▶ [Work item]
Count every line in the records below that contains the string "gets". Report that number alone.

Records drawn from a dataset

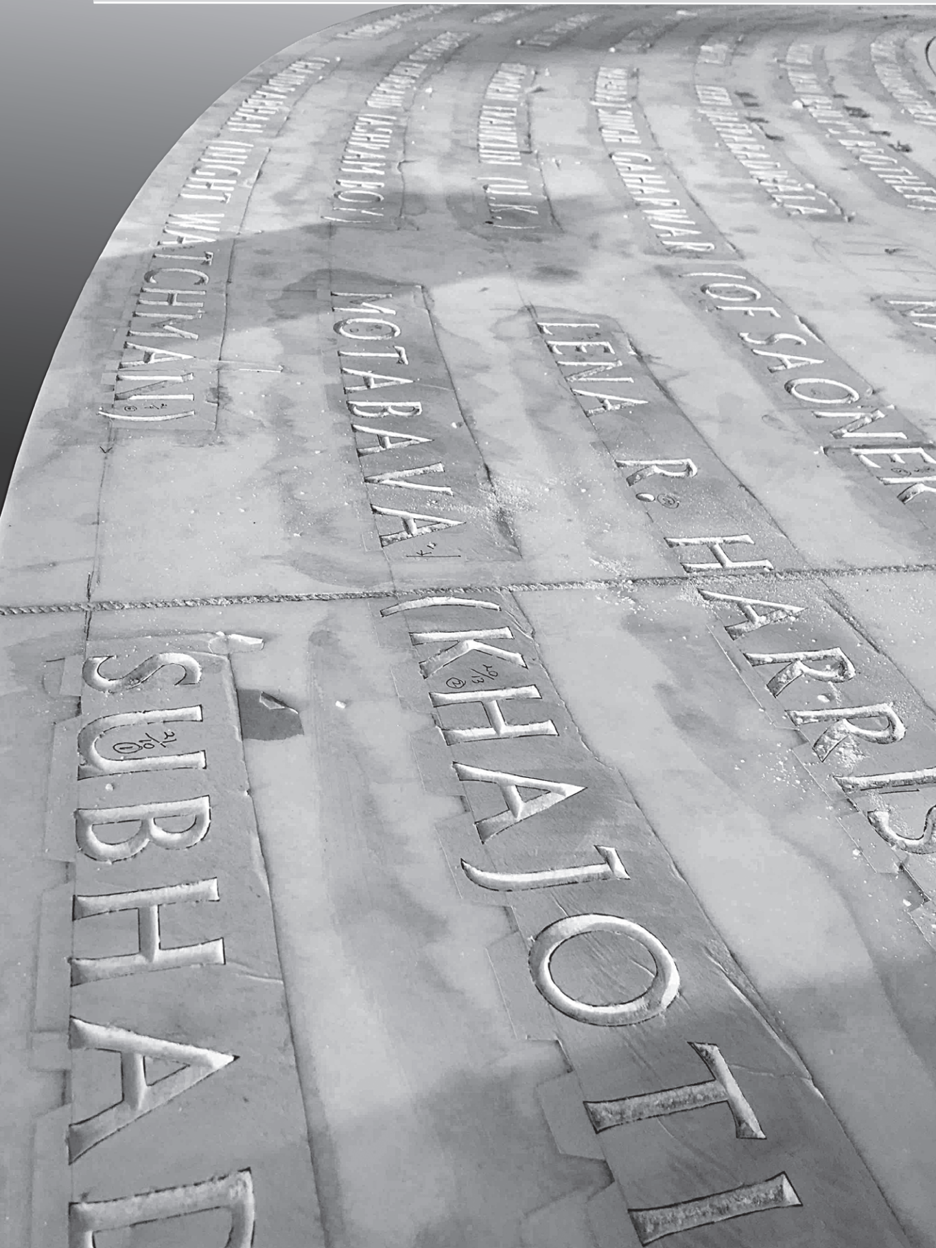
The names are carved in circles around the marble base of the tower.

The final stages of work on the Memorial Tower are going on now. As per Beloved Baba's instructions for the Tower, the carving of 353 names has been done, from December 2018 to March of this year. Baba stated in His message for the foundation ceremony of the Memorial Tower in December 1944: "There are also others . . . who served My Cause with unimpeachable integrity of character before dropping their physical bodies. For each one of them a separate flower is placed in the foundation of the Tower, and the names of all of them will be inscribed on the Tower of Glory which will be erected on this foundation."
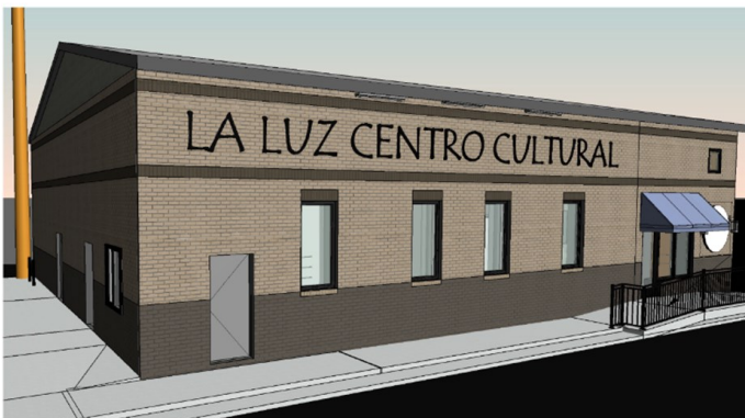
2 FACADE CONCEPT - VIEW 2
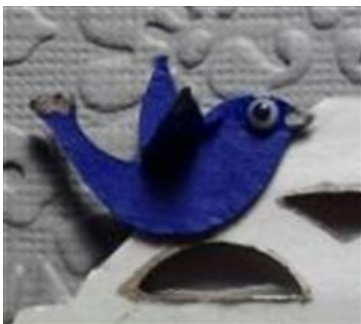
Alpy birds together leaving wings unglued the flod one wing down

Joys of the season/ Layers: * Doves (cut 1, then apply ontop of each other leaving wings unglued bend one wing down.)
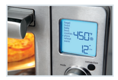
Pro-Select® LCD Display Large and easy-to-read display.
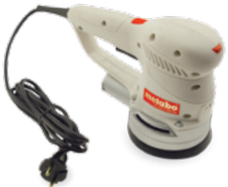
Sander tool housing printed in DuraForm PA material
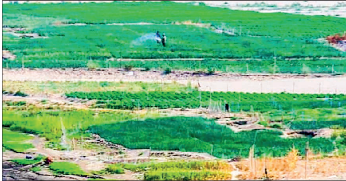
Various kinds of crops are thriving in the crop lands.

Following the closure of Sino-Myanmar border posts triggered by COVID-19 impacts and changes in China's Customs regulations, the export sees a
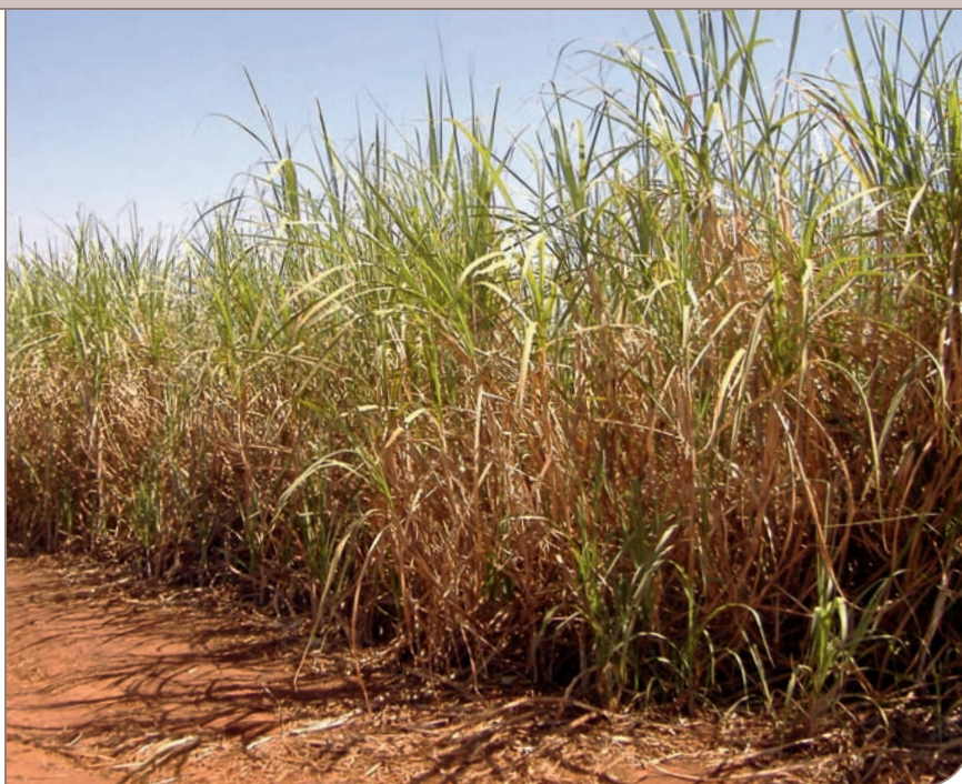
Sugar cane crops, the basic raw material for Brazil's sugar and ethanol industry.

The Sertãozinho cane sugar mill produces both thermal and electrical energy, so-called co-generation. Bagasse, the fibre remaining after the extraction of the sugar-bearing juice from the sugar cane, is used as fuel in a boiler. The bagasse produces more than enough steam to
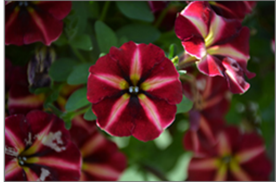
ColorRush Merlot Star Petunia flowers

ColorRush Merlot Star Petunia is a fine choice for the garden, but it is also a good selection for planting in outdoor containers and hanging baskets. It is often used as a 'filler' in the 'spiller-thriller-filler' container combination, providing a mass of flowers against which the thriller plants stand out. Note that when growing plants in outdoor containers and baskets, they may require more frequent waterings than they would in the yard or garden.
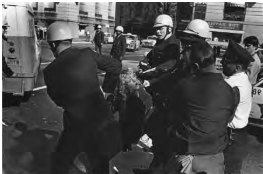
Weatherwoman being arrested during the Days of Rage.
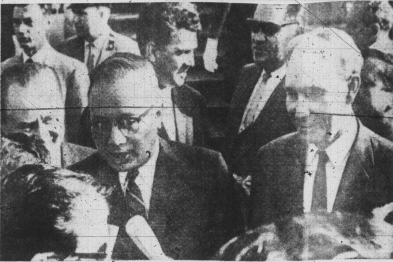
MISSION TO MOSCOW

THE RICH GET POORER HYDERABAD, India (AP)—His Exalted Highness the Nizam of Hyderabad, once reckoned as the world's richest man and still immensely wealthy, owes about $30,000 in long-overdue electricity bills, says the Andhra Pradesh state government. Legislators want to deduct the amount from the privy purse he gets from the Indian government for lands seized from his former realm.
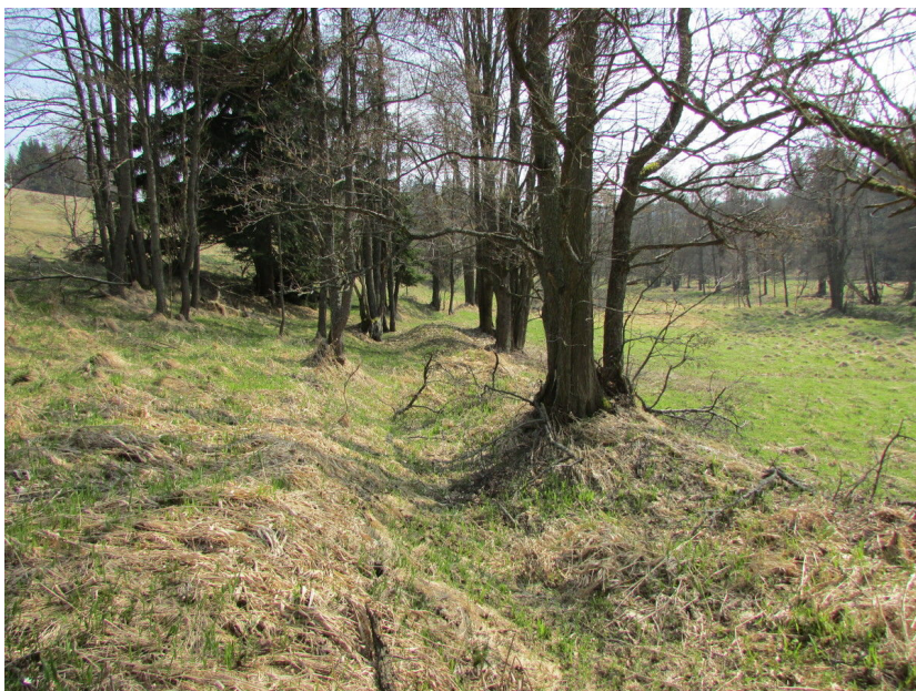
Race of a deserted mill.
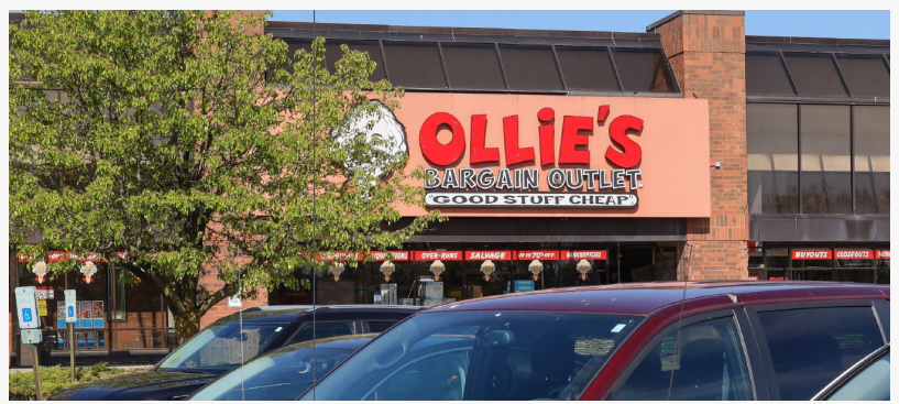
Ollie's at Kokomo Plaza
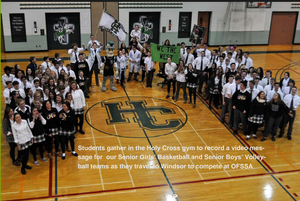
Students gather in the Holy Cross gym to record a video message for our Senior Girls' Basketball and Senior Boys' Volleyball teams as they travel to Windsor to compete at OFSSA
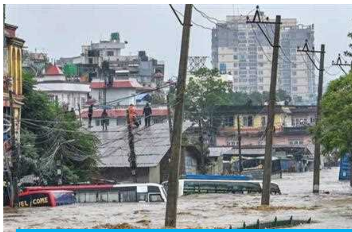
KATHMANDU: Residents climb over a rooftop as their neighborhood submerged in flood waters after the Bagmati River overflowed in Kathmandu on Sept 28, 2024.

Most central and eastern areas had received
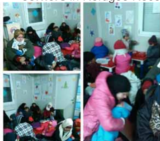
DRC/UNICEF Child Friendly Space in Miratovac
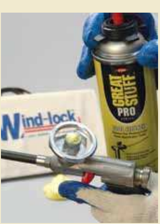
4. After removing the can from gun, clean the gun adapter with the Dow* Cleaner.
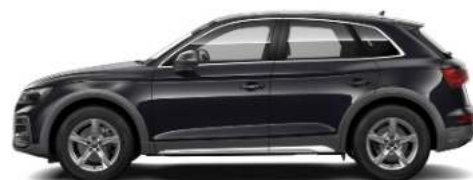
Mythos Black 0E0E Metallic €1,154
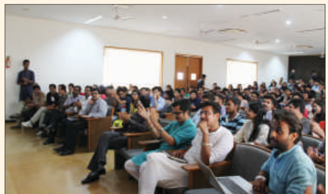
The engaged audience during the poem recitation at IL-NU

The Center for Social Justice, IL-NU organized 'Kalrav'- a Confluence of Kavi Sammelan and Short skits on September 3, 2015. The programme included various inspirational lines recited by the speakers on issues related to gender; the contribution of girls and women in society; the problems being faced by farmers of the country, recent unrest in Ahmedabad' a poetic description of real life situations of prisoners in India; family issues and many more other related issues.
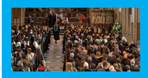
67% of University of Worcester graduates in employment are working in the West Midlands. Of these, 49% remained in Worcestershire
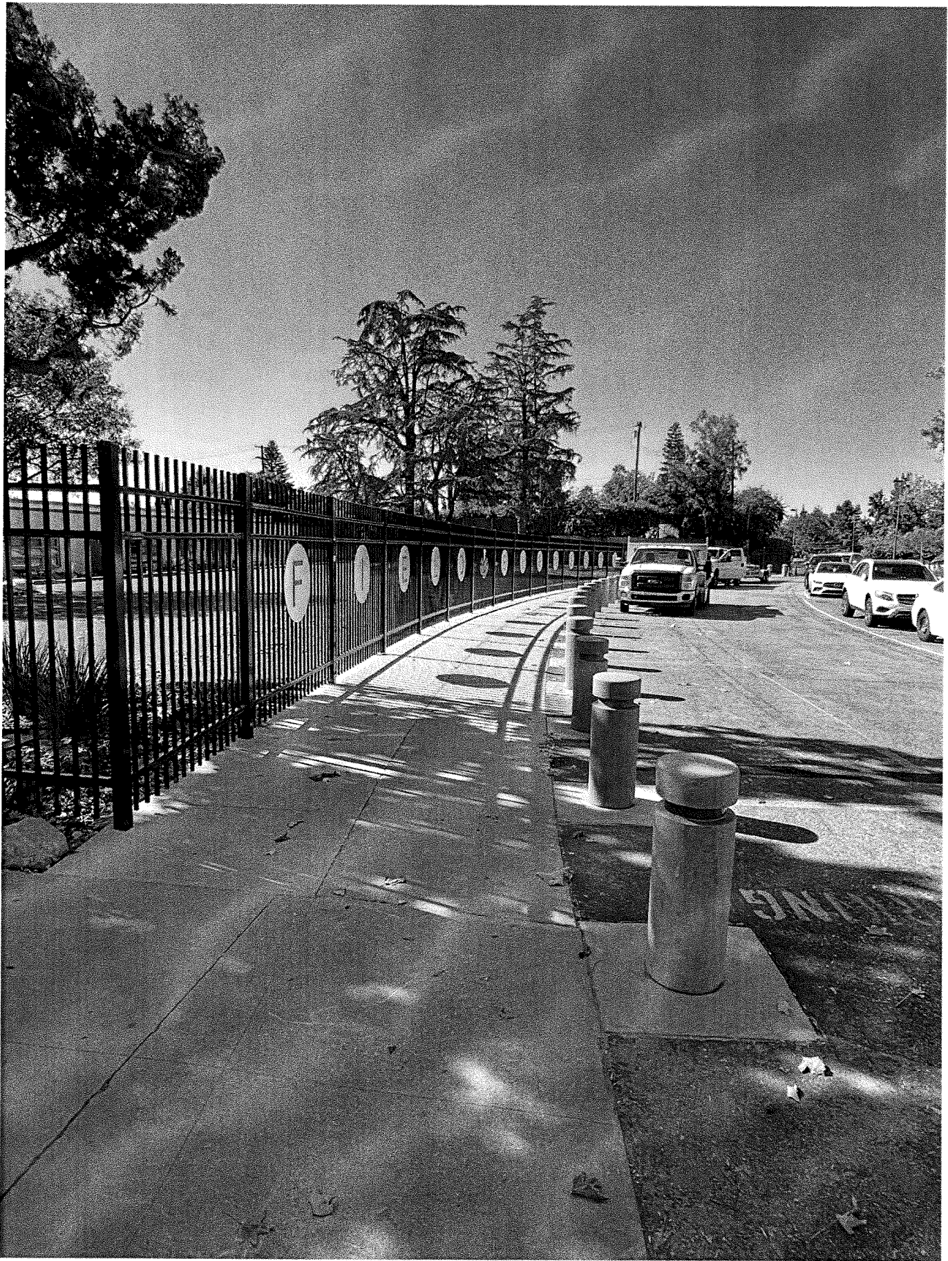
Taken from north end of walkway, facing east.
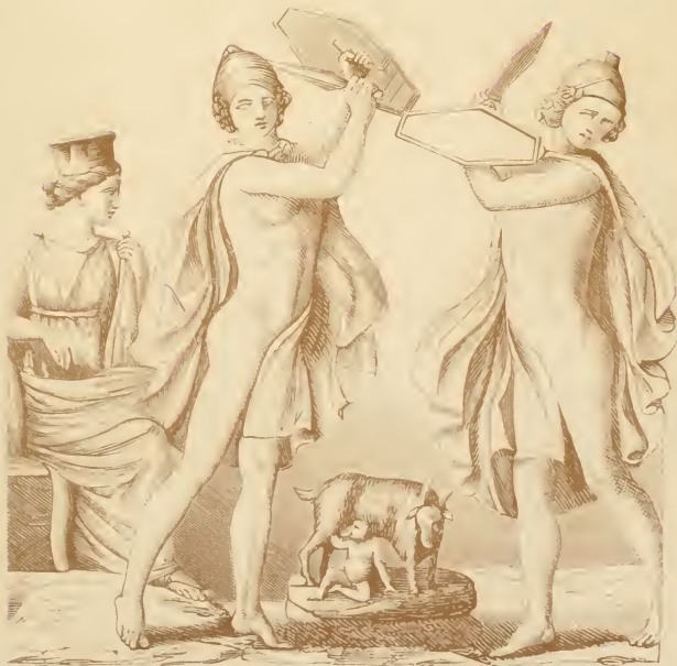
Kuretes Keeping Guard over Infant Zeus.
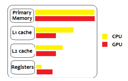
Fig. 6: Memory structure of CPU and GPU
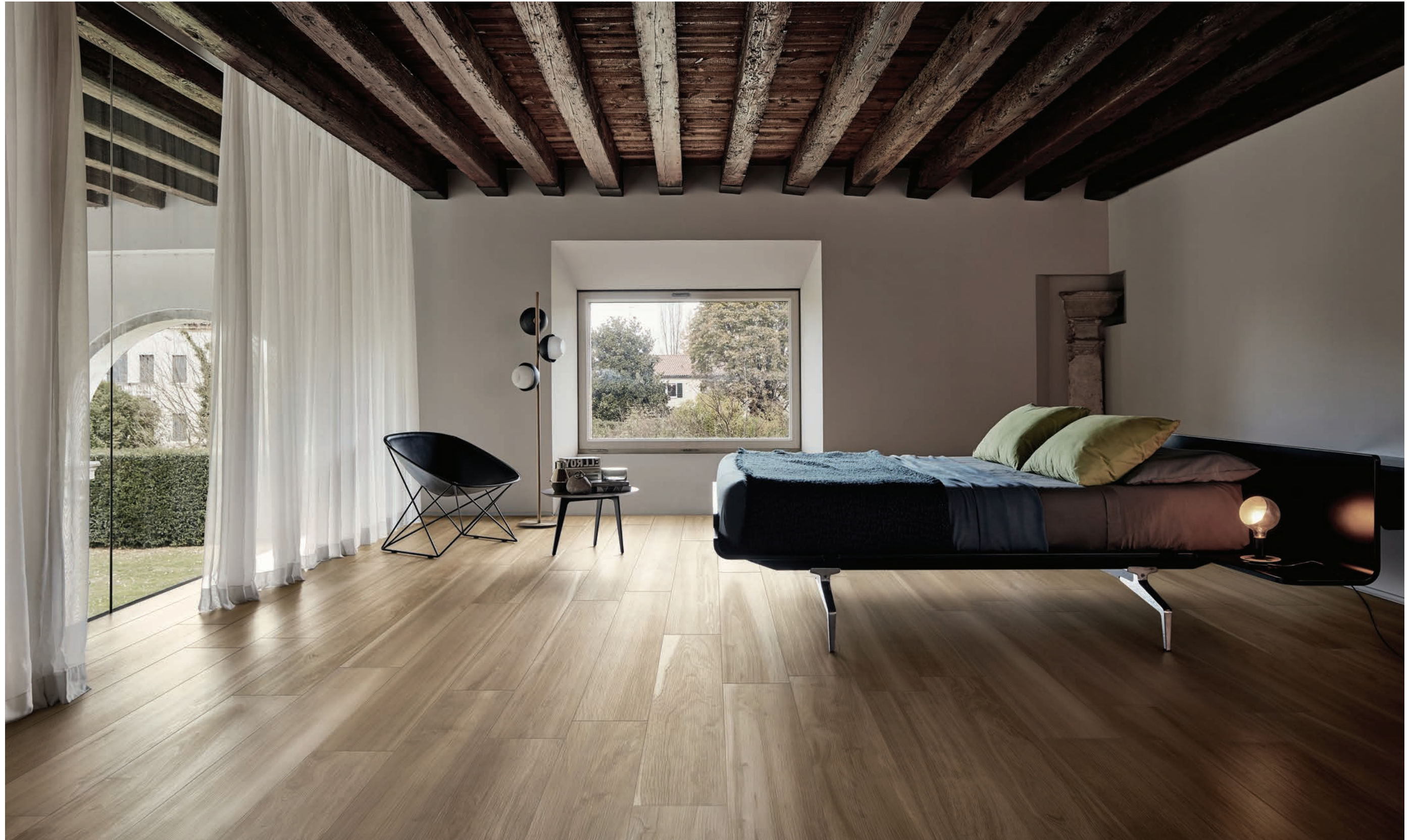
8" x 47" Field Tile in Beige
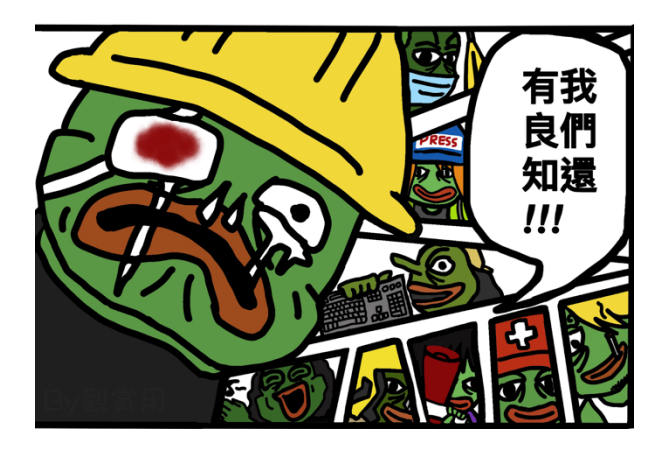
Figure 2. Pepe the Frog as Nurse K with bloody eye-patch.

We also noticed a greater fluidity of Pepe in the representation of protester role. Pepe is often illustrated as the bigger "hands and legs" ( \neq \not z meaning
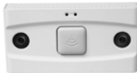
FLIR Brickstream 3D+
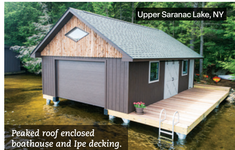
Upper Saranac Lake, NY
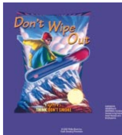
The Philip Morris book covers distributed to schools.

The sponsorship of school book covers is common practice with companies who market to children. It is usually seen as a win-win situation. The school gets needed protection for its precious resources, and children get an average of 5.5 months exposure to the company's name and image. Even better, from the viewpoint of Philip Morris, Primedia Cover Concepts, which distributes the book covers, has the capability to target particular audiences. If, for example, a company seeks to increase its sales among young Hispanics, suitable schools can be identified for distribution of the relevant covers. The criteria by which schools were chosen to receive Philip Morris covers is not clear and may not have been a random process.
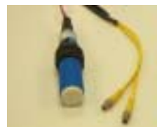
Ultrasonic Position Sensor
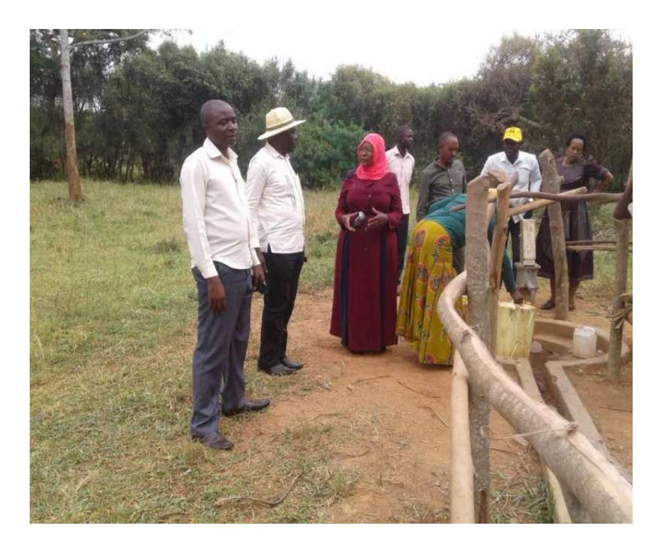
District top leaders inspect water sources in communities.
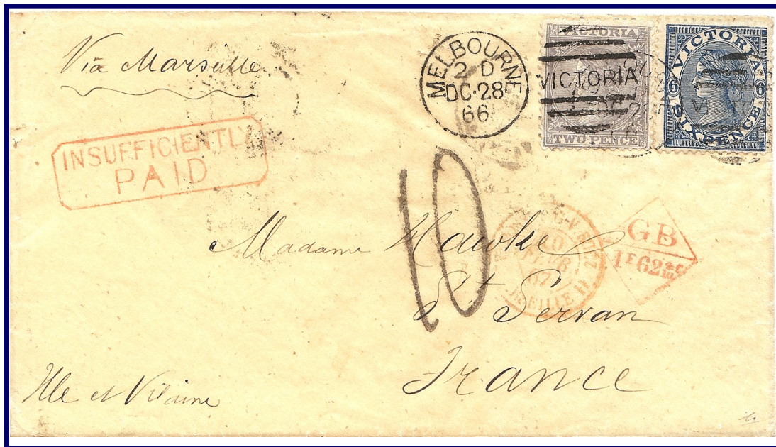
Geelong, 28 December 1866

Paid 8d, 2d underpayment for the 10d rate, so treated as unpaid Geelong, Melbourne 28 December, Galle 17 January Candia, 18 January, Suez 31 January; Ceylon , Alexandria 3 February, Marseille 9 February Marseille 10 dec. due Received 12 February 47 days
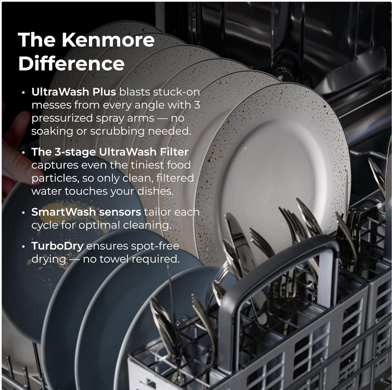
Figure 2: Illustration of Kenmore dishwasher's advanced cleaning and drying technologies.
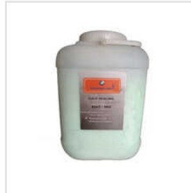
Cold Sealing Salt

▶ [Solution for this problem]
2